Concentration Dynamics: - Cyclin D: Present throughout the cycle, starting in early $G_1$ . - Cyclin E: Peaks sharply at the $G_1/S$ transition. - Cyclin A: Rises during $S$ phase and peaks toward the end of $G_2$ . - Cyclin B: Peaks specifically at the transition into Mitosis.

$S$ Checkpoint ( $G_1/S$ ): - Checks if the environment is favorable for division. If conditions are met, the cell enters the cell cycle and proceeds to $S$ phase.
$G_2/M$ Checkpoint: - Assesses if all DNA has been replicated accurately. - Confirms the environment is favorable. - Successful completion allows the cell to enter the mitotic phase.
Metaphase to Anaphase Checkpoint (Spindle Checkpoint): - Verifies that all chromosomes are properly attached to the spindle. - Only after attachment is confirmed is anaphase triggered, leading to cytokinesis.

The Retinoblastoma (Rb) protein acts as a gatekeeper for the $G_1/S$ transition.
Resting State: In resting cells, Rb is in a partially phosphorylated state and remains bound to the transcription factor E2F (along with DP1/2), inhibiting the expression of genes needed for $S$ phase.
Activation Process: 1. Growth factors stimulate the production of Cyclin D and the activation of CDK4/6. 2. Cyclin D-CDK4/6 complexes phosphorylate the Rb protein. 3. Hyperphosphorylated Rb dissociates from the E2F complex. 4. Free E2F moves to the DNA to activate the transcription of $S$ -phase specific genes. 5. The cell moves out of $G_1$ and enters $S$ phase.

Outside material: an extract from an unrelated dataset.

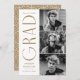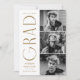 Stylish graduation announcement featuring the graduate's three photos located to the right of the design in a vertical layout. "Grad" is displayed in brass, modern art deco lettering. Personalise the modern photo graduation announcement by adding the graduate's name, graduation year, and school name. The design reverses to display a brass and white geometric swirl background. Perfect for both high school and college graduations!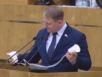 Депутат Госдумы Александр Шерин решил подарить разработчикам законопроекта о суверенном интернете детский телефон из стаканчиков. Законопроект принят в первом чтении 12 февраля. «Подарок» депутат продемонстрировал при обсуждении документа, назвав игрушку самой безопасной системой связи.

When DNA damage is detected, the cell cycle must be halted to allow for repair or to prevent the propagation of mutations.
Pathway: 1. p53 protein is stabilized in response to DNA damage. 2. Stabilized p53 induces the production of p21, a CDK inhibitor. 3. p21 binds to and inhibits the Cyclin E-CDK2 complex. 4. This inhibition prevents cell cycle progression, effectively halting the cell in $G_1$ .
Outcome: - If the damage is repairable, DNA repair mechanisms are activated. - If repair is impossible, p53 triggers Apoptosis (programmed cell death).

Mitosis: - Produces two identical diploid daughter cells. - Phases: Prophase, Metaphase, Anaphase, Telophase.
Meiosis: - Produces four non-identical haploid gametes. It occurs in two stages: - Meiosis I: Includes Prophase I, Metaphase I, Anaphase I, and Telophase I/Cytokinesis I. This stage involves the separation of homologous chromosomes. - Meiosis II: Includes Prophase II, Metaphase II, Anaphase II, and Telophase II/Cytokinesis II. This stage involves the separation of sister chromatids.